I’m sorry, but are you genuinely unaware how unhinged that all sounds?
Before I rebut your points, one by one, I'll remind you that engineers think about how things will fail.
Part of engineering is knowing how to put risk into perspective. This is a couple of thousand $ scope, not a piece of life-support equipment or spacecraft part.
Die-cast metal is used for countless products, almost always ones of above-average quality. From tripod castings, to KitchenAid mixers, to car engines, to all manner of electrical motor mounts, etc., to BBQs (like my Weber Q series, which is cast aluminum, with cast iron grills), to practically all high end camera bodies, field-use broadcast audio/video gear (stuff designed to take a spill and keep on working)… the list goes on and on!
Partly true, but completely irrelevant to the context. The highest quality ones will invariably be machined rather than cast, either from billet or forged blanks. In any case, heavy duty applications are pretty chunky, way more so than the weak point here, namely the handle pins. They will be exposed to shear forces when the scope is being carried; the examples you give are mostly exposed to impact (compression) forces, where the material is quite a bit stronger.

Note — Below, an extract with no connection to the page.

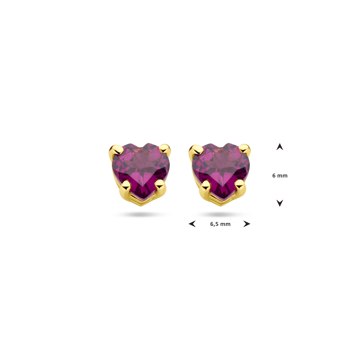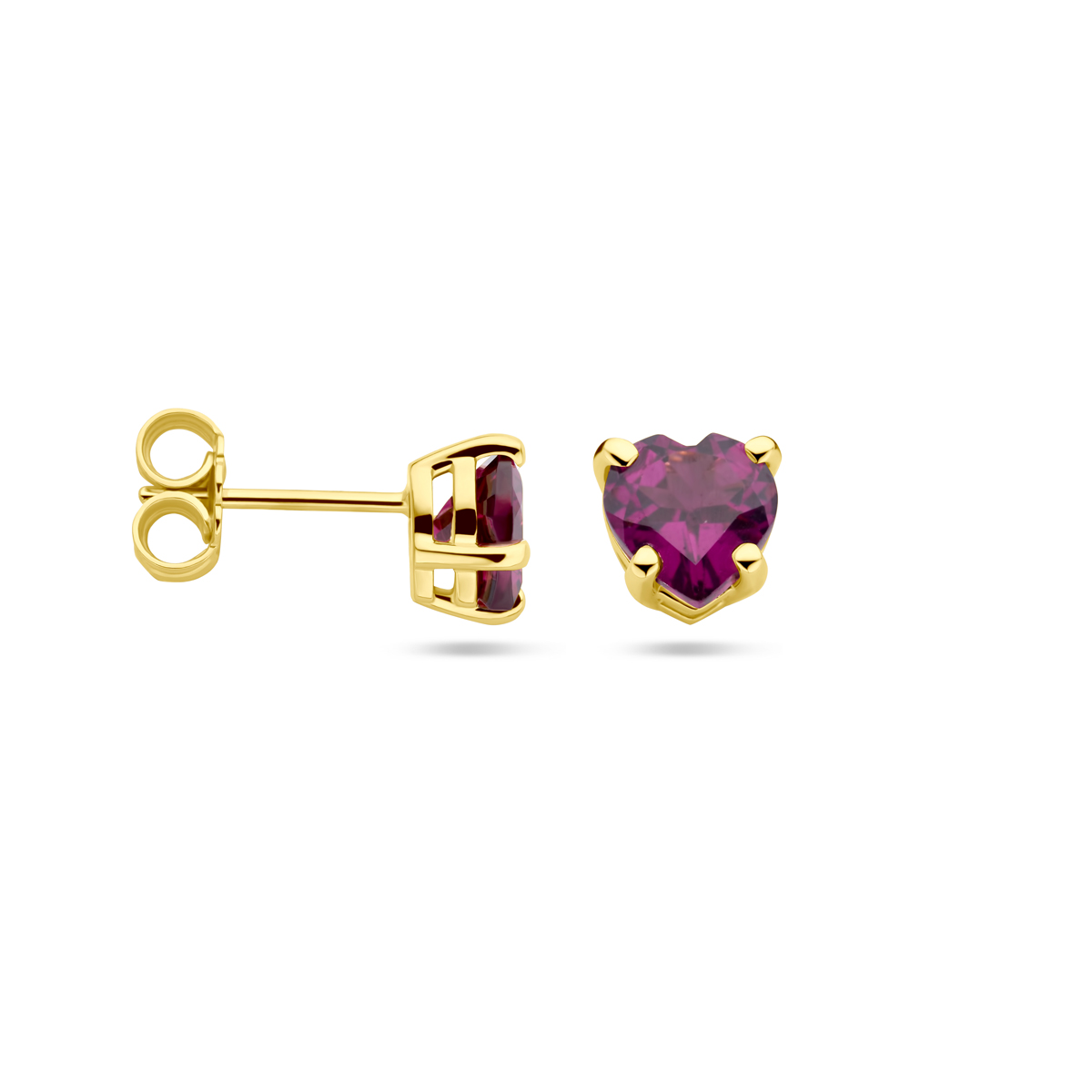 14k Geelgouden oorknoppen uitgevoerd met rhodoliet hart. De oorknoppen hebben een afmeting van 6x6.5mm.

I'm sorry, but just... no. The examples I listed are ones where the
best products use die-cast parts. Every pro-level photo camera uses a die-cast frame. (The only pro cameras I know of that use milled billets are the RED cinema cameras, which are likely produced in a fraction of the volume of Canon, Nikon, and Sony cameras, all of which use die-cast bodies.)

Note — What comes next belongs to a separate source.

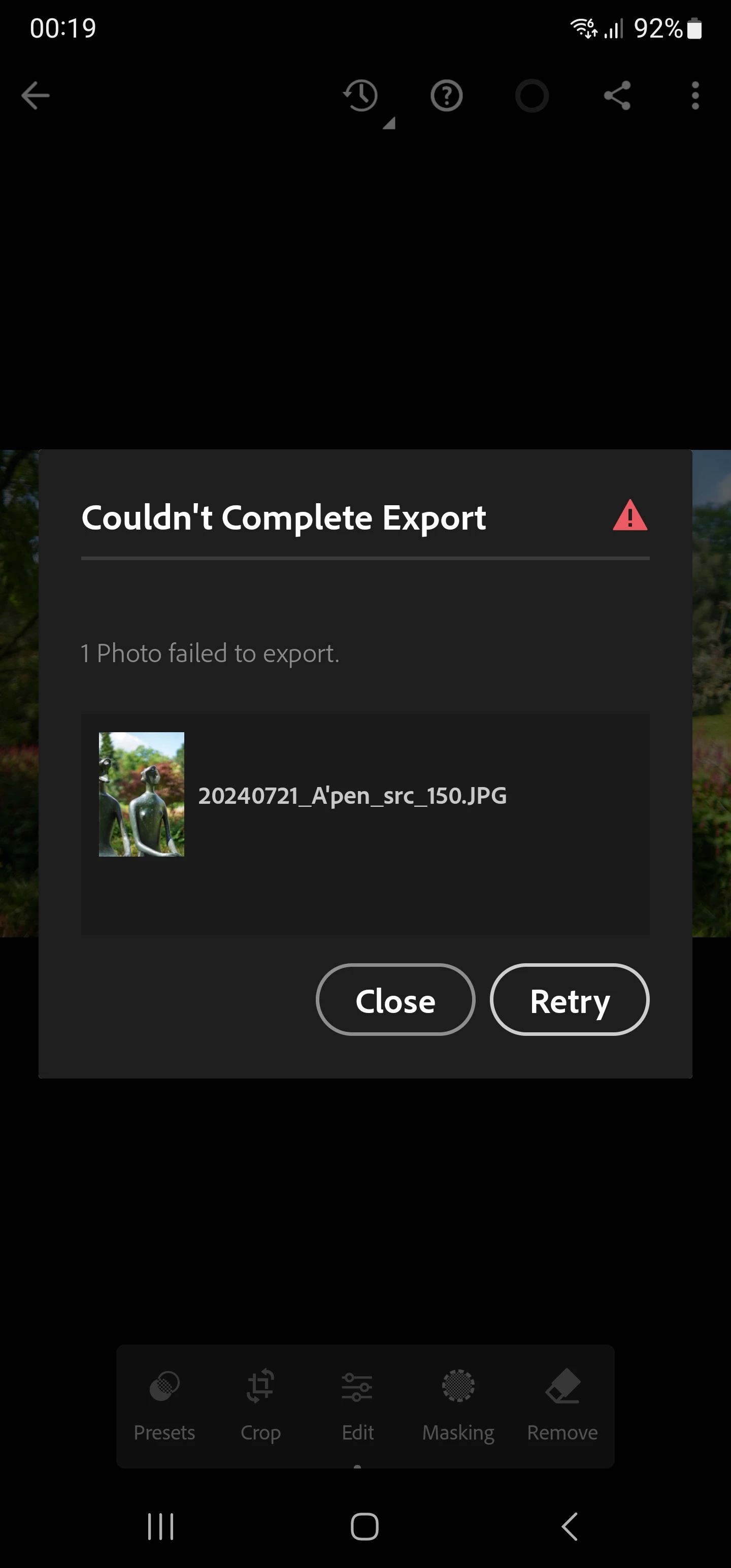 Suddenly impossible to download any photo from Lightroom mobile on android

The best still photo camera tripods are from Manfrotto, Gitzo, etc., and they're all die-cast. The standard in video tripods is Vinten, and they're... die-cast.

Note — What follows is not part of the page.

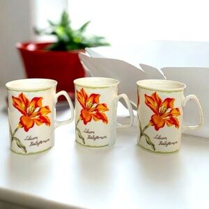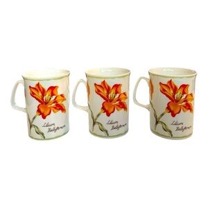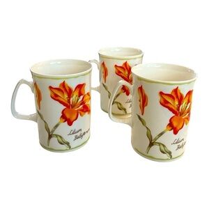 3 Rose of England Fine Bone China Lilium Bulbiferum Tea Cups Mug Porcelain

There's no better stand mixer than KitchenAid, and they are die-cast. (And so are the competitors.)
Etc etc etc.
So your claim that the best products are "invariably" (your word!) made of billet or forged blanks is, plain and simply, false.
Edit: And just to be clear: I am not a machinist or metallurgist. I am, however, familiar with enough best-in-class products that ALL use die-cast bodies to know that your blanket statement cannot, and thus is not, true.